Cien años de soledad y el destierro de la esperanza

Sergio Quitián Zárate1

En cualquier lugar que estuvieran, recordarán

siempre que el pasado era mentira, que la memoria no

tenía caminos de regreso, que toda primavera antigua

era irrecuperable, y que el amor más desatinado y

tenaz era de todos modos una verdad efímera

Gabriel García Márquez

Cien años de soledad

El coronel Aureliano Buendía entendió, que la

vejez, no es más que un pacto honrado con la soledad

Gabriel García Márquez

Cien años de soledad

Quizá los dos epígrafes precedentes pueden enunciar y resumir tanto los propósitos

como los alcances de este texto. Los límites de la interpretación se enmarcarán en los

perímetros delimitados de estos dos fragmentos. Con ello, afianzamos la seguridad de que

sólo de esta manera, atisbando al sentido de pasajes cruciales o de desentrañada certeza, es

posible hacer un acercamiento inicial a Cien años de soledad.

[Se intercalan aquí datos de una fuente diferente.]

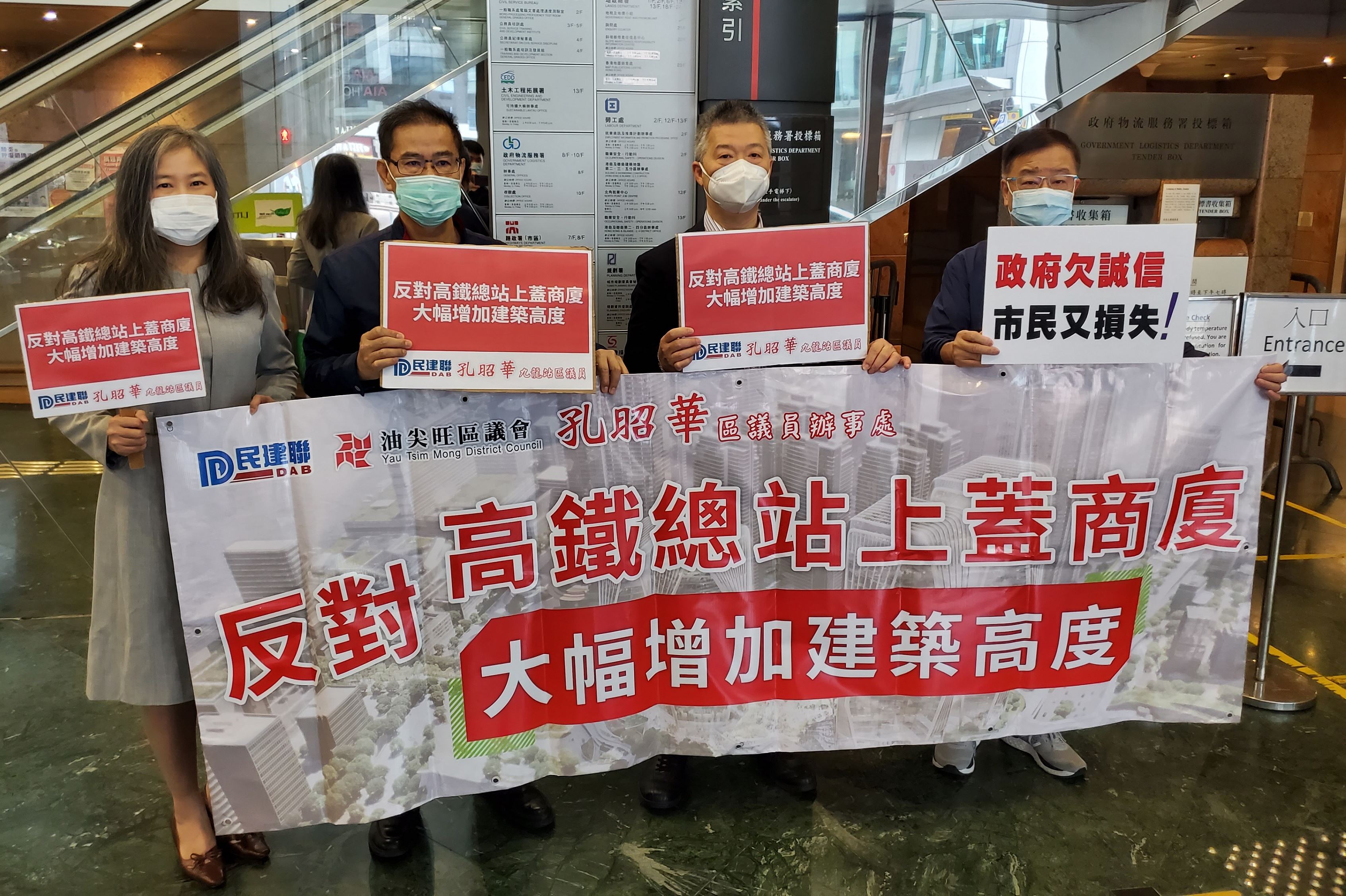 城市規劃委員會今日(6日)的會議將商討是否按發展商要求,延期處理放寬建築物高度限制的申請。民建聯油尖旺區議員孔昭華今日(6日)則聯同居民前往城規會請願,要求城規會考慮居民的陳述,反對高鐵總站上蓋商廈申請放寬建築物高度限制。

Las demás empresas

hermenéuticas, que exploren las relaciones entre la novela y el contexto literario

latinoamericano, que busquen hallar en la narrativa de García Márquez la más pura

expresión de una identidad nacional, que ahonden en el vínculo estilístico entre registro

oral y objetividad expresiva, o que tan sólo se detengan en sublimar y ennoblecer a

Macondo como la representación paradigmática de una nueva forma de comprender y

asumir el mundo, son inventivas necesariamente posteriores. El problema del sentido que

trae consigo la obra y de las temáticas que la atraviesan, se nos presentan como la principal

1 Estudiante en la facultad de Filosofía y Letras de la Universidad Santo Tomás. Participante en la cátedra

Literatura colombiana de VII semestre.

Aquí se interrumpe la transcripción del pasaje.